Addressing the broader economic case for remaining in the UK, Lord Darling, who was Labour chancellor from 2007 to 2010, warned against choosing "isolation rather than influence".
In a speech in London, the Labour peer - who led the successful Better Together campaign in the Scottish independence referendum - argued the referendum was "not about sovereignty" because the UK "is a sovereign nation and will remain so".
EU referendum: In depth
The Labour peer rejected claims that the Remain campaign was using the same tactics as Better Together did in 2014 - dubbed "Project Fear" by its opponents - saying he made "no apology" for exposing his opponents' "fear of the spotlight of legitimate scrutiny".
"It is not Project Fear. In truth, it is a reality check. The kind anyone would rightly take before making an enormous decision affecting their lives."
Speaking in Washington, ahead of a visit by US President Barack Obama to the UK next week, George Osborne said it was the "overwhelming view" of foreign governments and international institutions such as IMF and Nato that the UK should remain.

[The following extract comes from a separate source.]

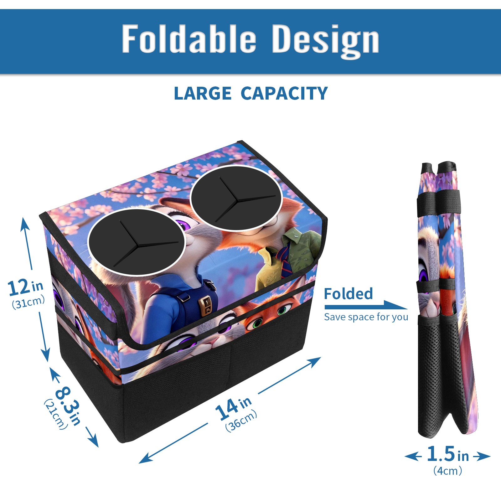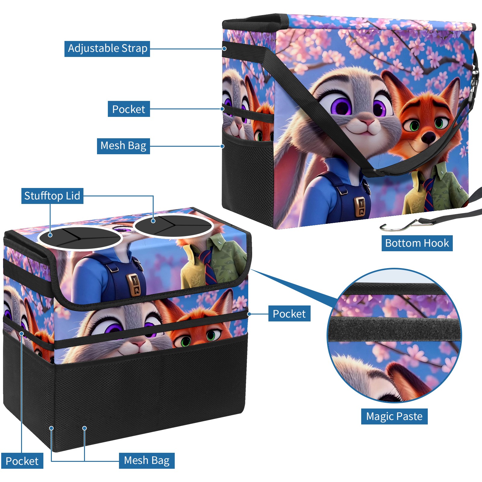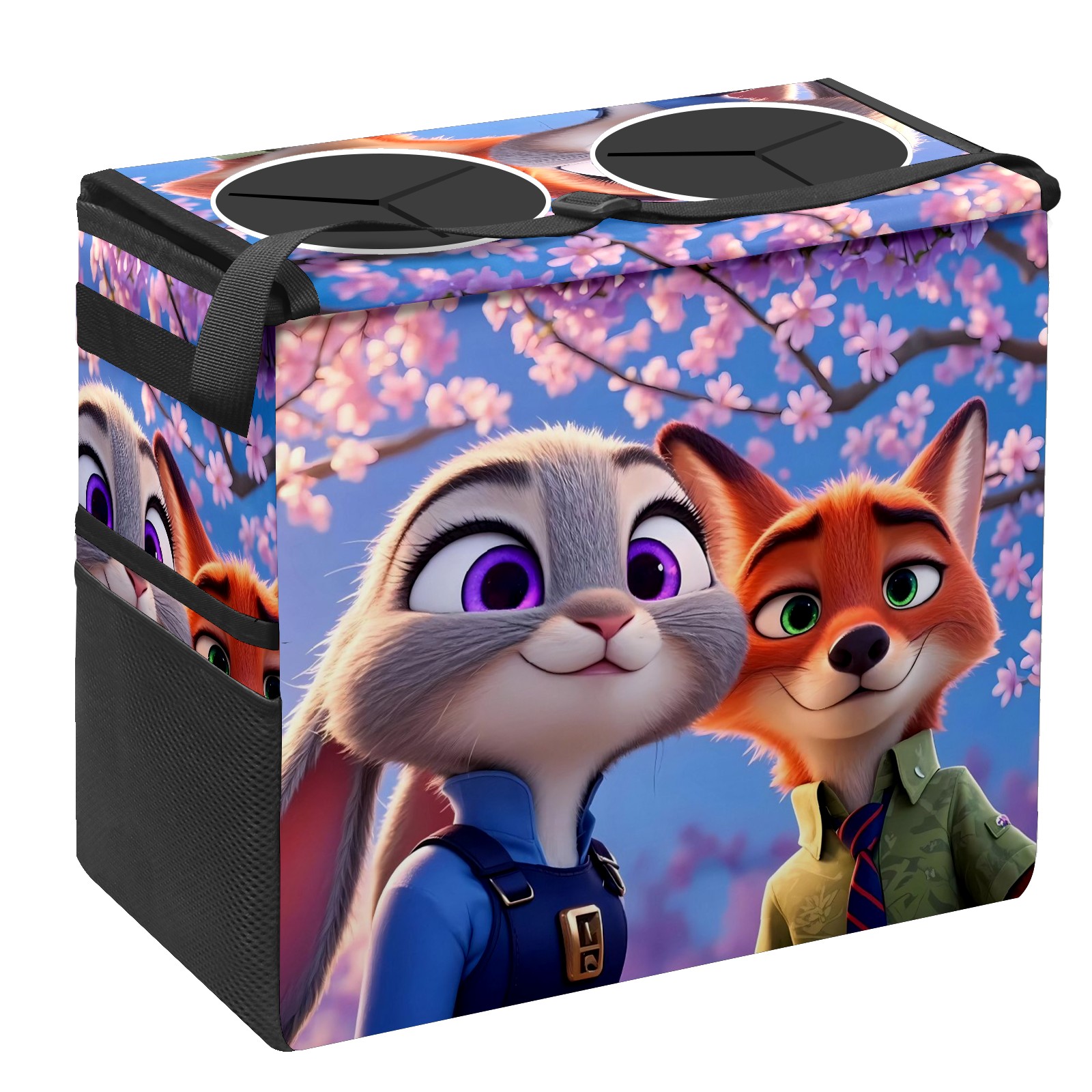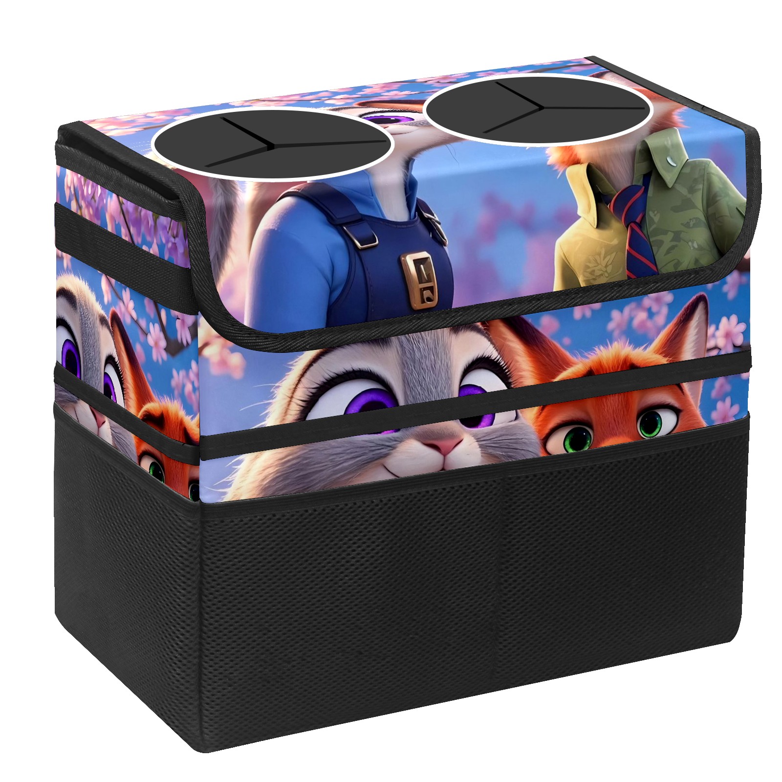 Car Trash Can with Lid, Portable Hanging Automotive Garbage Bin for Vehicles, Leakproof Waste Bag Container for SUV Truck Van Interior Auto Travel Road Trips(疯狂动物城 IPad版 01)

Asked whether he agreed with the Remain campaign's claim that mortgage rates would go up in the event of EU exit, Mr Osborne said this was a matter for the Bank of England but it was a widely held view that "prices would rise, jobs would be lost and living standards would fall".

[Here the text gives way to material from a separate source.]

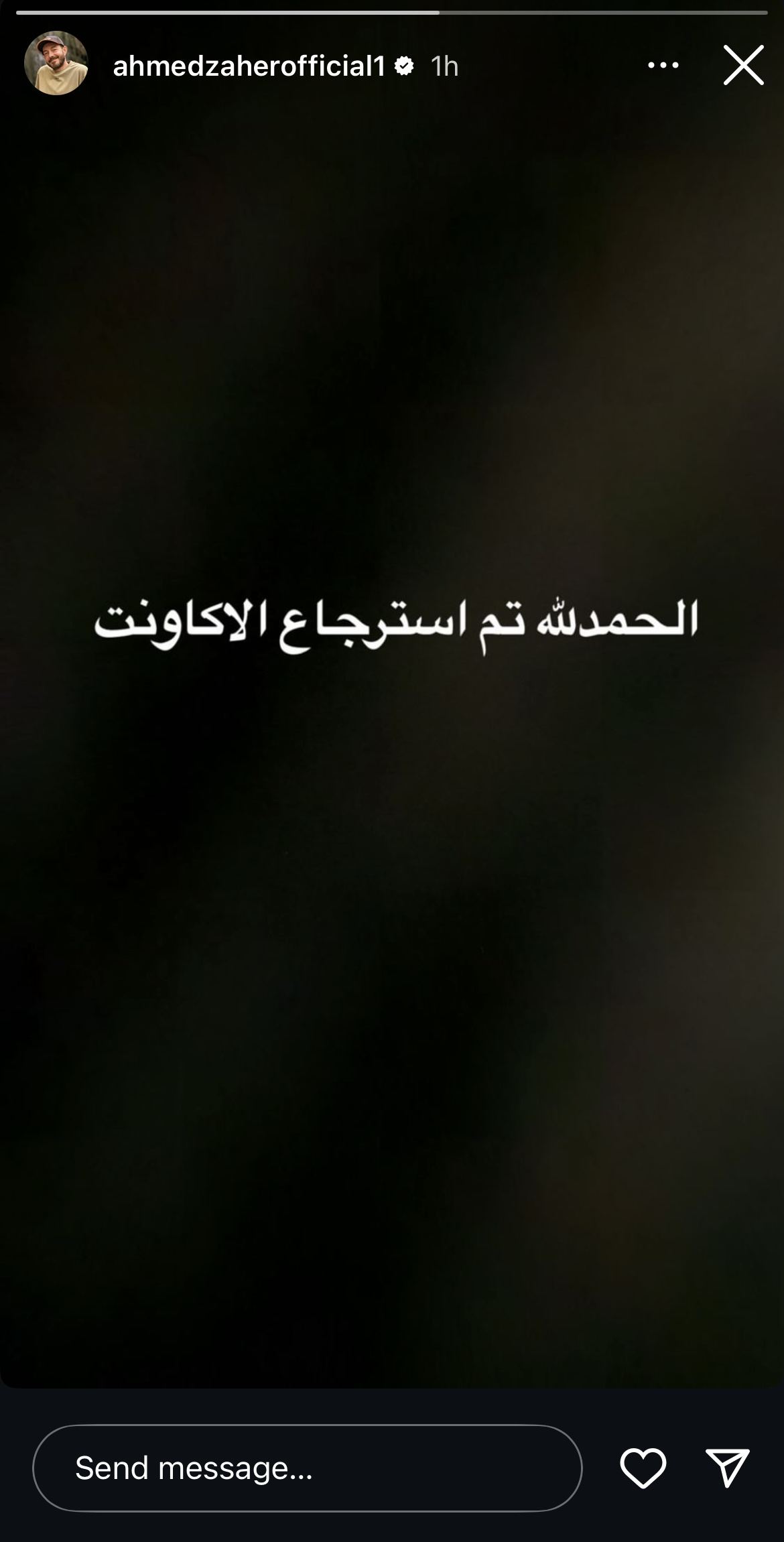 وكتب أحمد زاهر، عبر ستوري حسابه على انستجرام: “الحمد لله تم استرجاع الاكونت”.

But Vote Leave chief executive Matthew Elliott said: "Less than 24 hours in and the pro-EU camp are already panicking - resorting to doing down the economy and people's mortgages to intimidate the British public into voting their way."
At a Brexit rally in Manchester, Boris Johnson said one of the most "depressing things about the campaign to Bremain" is that "there is not a shred of idealism" - but Labour accused him of "talking down Britain's influence".
"The EU, they say - it's crap but we have no alternative," Mr Johnson said.
"Well we do have an alternative, and it is a glorious alternative, a relationship with Europe based not on the whims of unelected bureaucrats but on cooperation between elected governments."
UKIP leader Nigel Farage has, meanwhile, challenged David Cameron to a face-to-face debate as he delivered a letter to Downing Street protesting at the government's pro-EU £9m leaflet campaign.
Mr Farage, who took on former Lib Dem leader Nick Clegg during the 2014 European elections, said the government's arguments were "jammed full of lies and inaccuracies" and the prime minister must front up to "see if your claims will stand up to public scrutiny".
"Name your place and time and let's have a live, televised, head-to-head debate where we can debate one of the greatest political questions of our time," he said.
Meanwhile, Cardinal Vincent Nichols - the head of the Catholic Church in England and Wales - urged parishioners to "pray for guidance" and look beyond narrow economic concerns.
However he said he believed if the UK left the EU it would face "more complex problems than we would if we were playing an active part with Europe".
"In the EU, trade is harnessed to peace. An essential feature of the EU is the peace that has been sustained in Europe since the end of the second world war."